That quote is from 1958, pulled from a keynote address Edward R. Murrow delivered at the Radio-Television News Directors Association convention in Chicago. The legendary journalist's speech was intended to be a wake-up call to the network executives and suits in charge of content creation for the fledgling medium. Murrow saw the potential of television, and lamented how it was being squandered by people who saw it only as a business opportunity, a medium of empty entertainment for advertising and profit, with no thought for ambition or edification.

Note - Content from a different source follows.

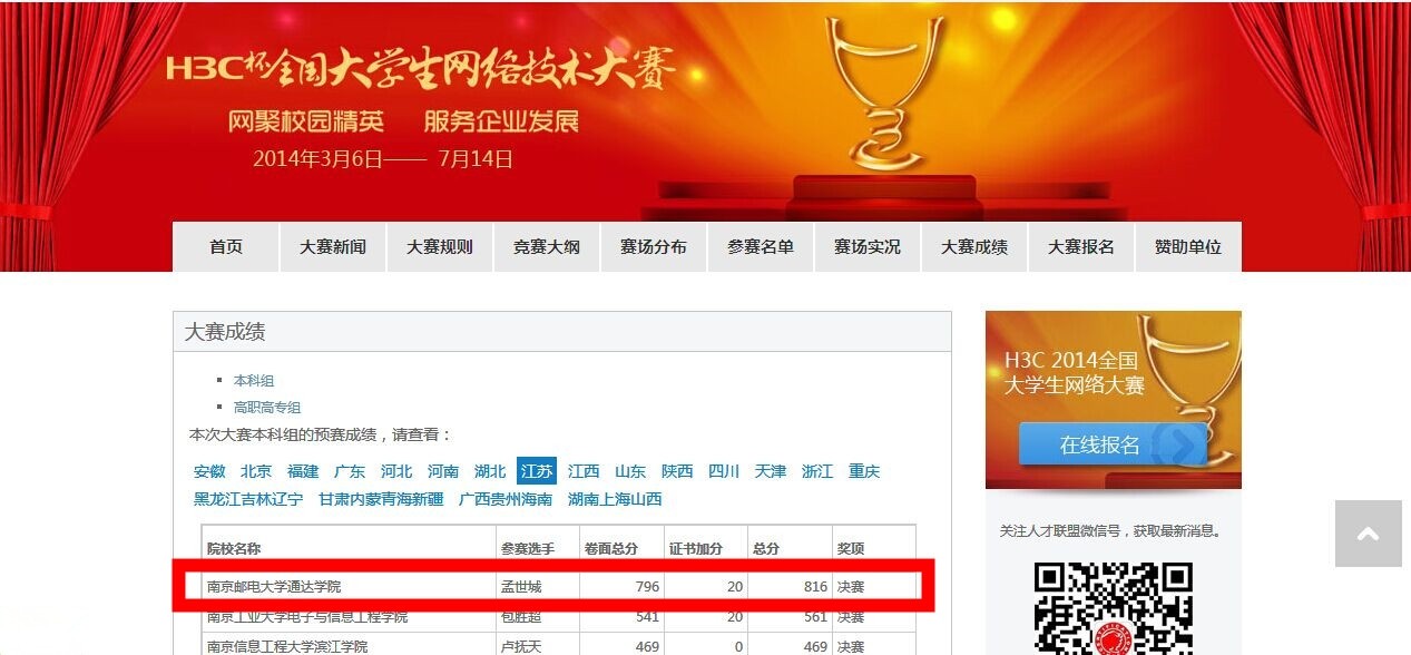 2014年5月14日南邮taptap点点体育代表队4名同学参加“H3C”杯2014年全国大学生网络技术大赛江苏赛区比赛。昨日传来喜讯,taptap点点2011级通信工程(嵌入式系统开发)专业孟世成同学以全国第二,江苏省第一的成绩晋级全国总决赛,2012级网络工程专业张媛同学荣获江苏省二等奖,为学院争得荣誉。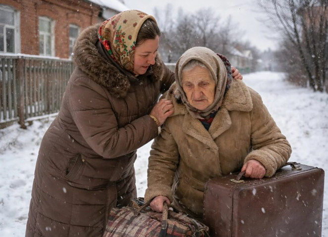 Jedne zimske noći, kada su ulice bile pokrivene slojem snijega, mlada majka se vraćala kući nakon dugog i iscrpljujućeg dana na poslu. Hladnoća je prodrla do kostiju, a noć je bila tiha i mirna. Dok je hodala, osjetila je potrebu da se zaustavi. Na rubu ulice primijetila je stariju ženu, koja je stajala s dva iznošena kofera i starom torbom u rukama. Ženin izraz lica bio je tužan i izgubljen. Mlada majka je u tom trenutku osjetila duboku empatiju prema starici, koja je očigledno bila u nevolji.

That approach led to a follow-the-leader homogeneity in programming, with a few archetypes (sitcoms, crime shows, soap operas and westerns) endlessly iterated upon.
"If Hollywood were to run out of Indians, the program schedules would be mangled beyond all recognition," Murrow said. "Then some courageous soul with a small budget might be able to do a documentary telling what, in fact, we have done--and are still doing--to the Indians in this country. But that would be unpleasant. And we must at all costs shield the sensitive citizens from anything that is unpleasant."
"Their spokesmen say, 'We are young; we have not developed the traditions nor acquired the experience of the older media.' If they but knew it, they are building those traditions, creating those precedents every day."
That idea of challenging viewers was one Murrow returned to time and again. The content creators had been focusing on producing pabulum for the masses, broadly appealing shows with nothing to say. The news programs were similarly devoid of commentary, as Murrow noted that networks were too afraid to even use their soapboxes to defend the medium on-the-air, choosing instead to simply complain about other media picking on them instead of risk saying with a point of view or a potentially offensive perspective.
"It is much easier, much less troublesome, to use the money-making machine of television and radio merely as a conduit through which to channel anything that is not libelous, obscene or defamatory," Murrow said. "In that way one has the illusion of power without responsibility."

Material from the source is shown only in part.